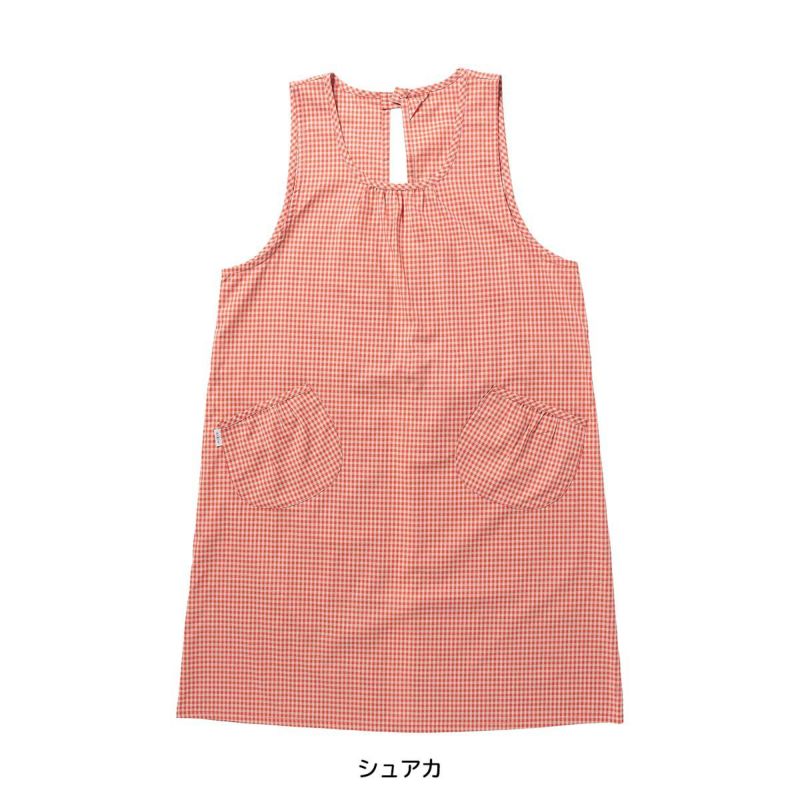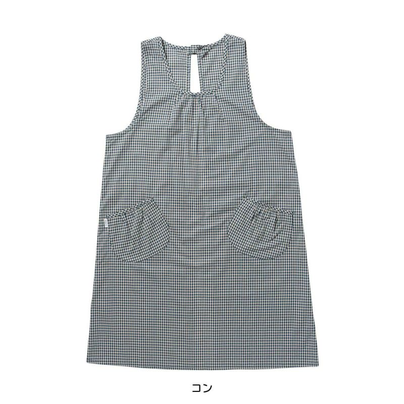 ギンガム柄がシンプルでありながらも洗練されたデザインが魅力の背付きエプロンです。綿100%の素材が柔らかく、快適な着心地です。エプロンの前面には、丸い形が可愛いポケットが2つ付いています。調理中に必要な小物類を収納することができ、作業効率を高めます。また、背面には腰紐があり、ウエストサイズに合わせて調節可能です。
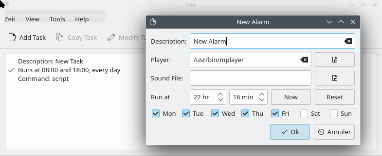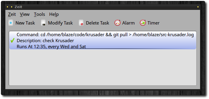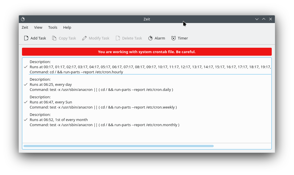 zeit is a Qt Gui to cron and its goal is to make creating cronjobs very easy.
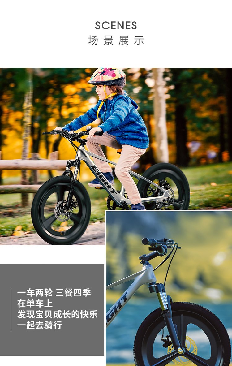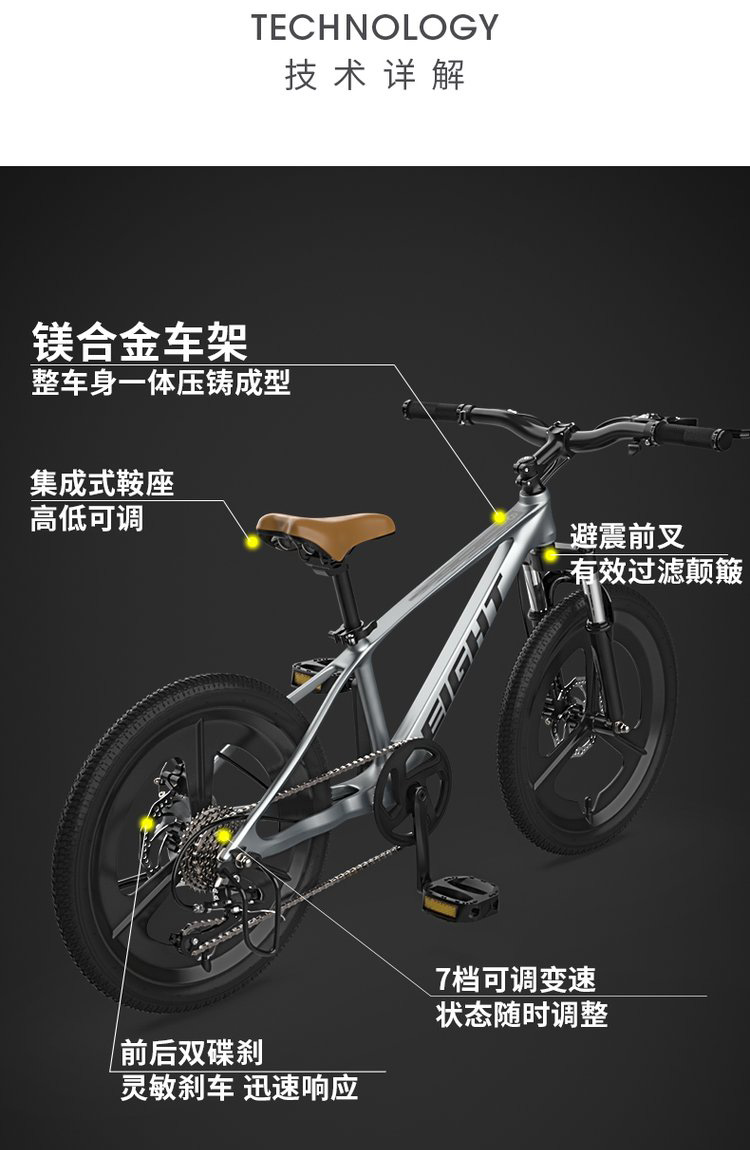 镁合金儿童自行车大童男女孩8-14岁20寸学生脚踏双碟刹变速山地车
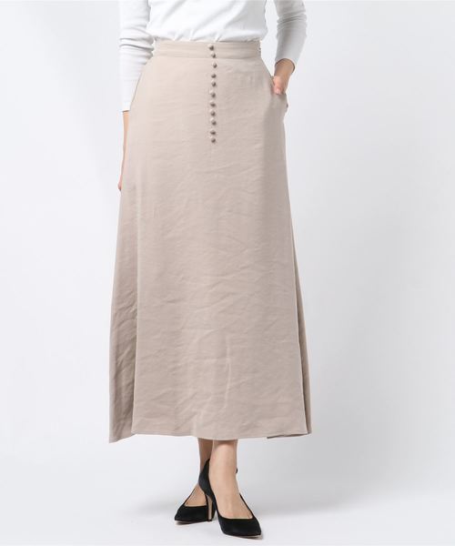 スカートのフロントに小さいクルミボタンをあしらったスカートです。 それぞれの配色も、少しくすんだ色を使用しているため、長い期間使っていただけると思います。 ウエストは後ろがゴム使用になっており、履き心地もよく、シルエットもきれいなまま保てます! スリットもしっかり入っているので足元も楽にはいていただけます。 ニットやTシャツにあわせて、ラフに着ていただくのがオススメです。 【TRUDEA(トルディア)】by Astoria(アストリア) 毎日着るものだからこそ素材や着心地にこだわりを! 洗練されたデザインに程よいトレンド感をMIXした働く女性のワードロープを提案します。 ベーシックなデザインなので、通勤やオフィスでのお仕事スタイルに◎ ビジネスなどのオンスタイルや、コーディネートするアイテム次第で、きちんと感を出しながら、カジュアルダウンしたスタイルやオフスタイルにも◎
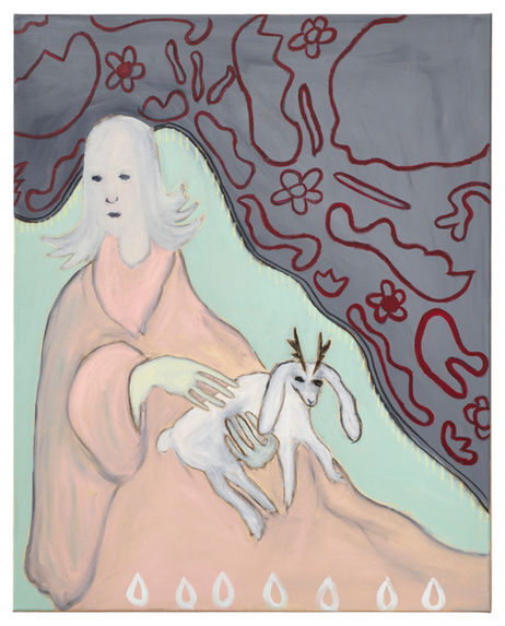 Using, among other materials, charcoal, pastel chalk, acrylic, oil and spray paint, Saccone creates uncanny yet enthralling paintings which blur the line between reality and transcendence. He remains consistently attached to figurative themes but combines them with an innovative, abstract twist, experimenting with flat, stylized surfaces, abstraction and planar constructions which deny our access at the same time as they draw us in. A similar paradox is true for Saccone’s use of color: It is likely not despite of but precisely because of their predominantly cool pastel tones – contrasted with almost cartoon-like black outlines – that the paintings urge us to linger and contemplate on their enigmatic motifs and the atmospheric visual spaces.
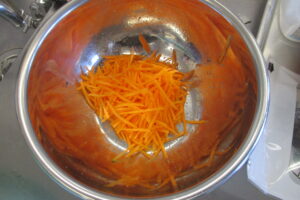 人参の千切りと唐辛子等キムチの具となるものをよく混ぜます。
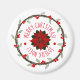 Cet aimant présente un poinsettia rouge profond avec des feuilles vert foncé au centre d'une couronne feuillue twiggy aux baies rouges, et les salutations saisonnières personnalisables bilingues de "Joyeux Noël" et "Joyeux Noel". Dessin numérique original de Dogwood & Thistle.
◆ ◆ ◆ ◆ ◆ ◆ ◆
Restate, word for word, all of the material above, leaving out the images.

 ギンガム柄がシンプルでありながらも洗練されたデザインが魅力の背付きエプロンです。綿100%の素材が柔らかく、快適な着心地です。エプロンの前面には、丸い形が可愛いポケットが2つ付いています。調理中に必要な小物類を収納することができ、作業効率を高めます。また、背面には腰紐があり、ウエストサイズに合わせて調節可能です。
 zeit is a Qt Gui to cron and its goal is to make creating cronjobs very easy.
 镁合金儿童自行车大童男女孩8-14岁20寸学生脚踏双碟刹变速山地车
 スカートのフロントに小さいクルミボタンをあしらったスカートです。 それぞれの配色も、少しくすんだ色を使用しているため、長い期間使っていただけると思います。 ウエストは後ろがゴム使用になっており、履き心地もよく、シルエットもきれいなまま保てます! スリットもしっかり入っているので足元も楽にはいていただけます。 ニットやTシャツにあわせて、ラフに着ていただくのがオススメです。 【TRUDEA(トルディア)】by Astoria(アストリア) 毎日着るものだからこそ素材や着心地にこだわりを! 洗練されたデザインに程よいトレンド感をMIXした働く女性のワードロープを提案します。 ベーシックなデザインなので、通勤やオフィスでのお仕事スタイルに◎ ビジネスなどのオンスタイルや、コーディネートするアイテム次第で、きちんと感を出しながら、カジュアルダウンしたスタイルやオフスタイルにも◎
 Using, among other materials, charcoal, pastel chalk, acrylic, oil and spray paint, Saccone creates uncanny yet enthralling paintings which blur the line between reality and transcendence. He remains consistently attached to figurative themes but combines them with an innovative, abstract twist, experimenting with flat, stylized surfaces, abstraction and planar constructions which deny our access at the same time as they draw us in. A similar paradox is true for Saccone’s use of color: It is likely not despite of but precisely because of their predominantly cool pastel tones – contrasted with almost cartoon-like black outlines – that the paintings urge us to linger and contemplate on their enigmatic motifs and the atmospheric visual spaces.
 人参の千切りと唐辛子等キムチの具となるものをよく混ぜます。
 Cet aimant présente un poinsettia rouge profond avec des feuilles vert foncé au centre d'une couronne feuillue twiggy aux baies rouges, et les salutations saisonnières personnalisables bilingues de "Joyeux Noël" et "Joyeux Noel". Dessin numérique original de Dogwood & Thistle.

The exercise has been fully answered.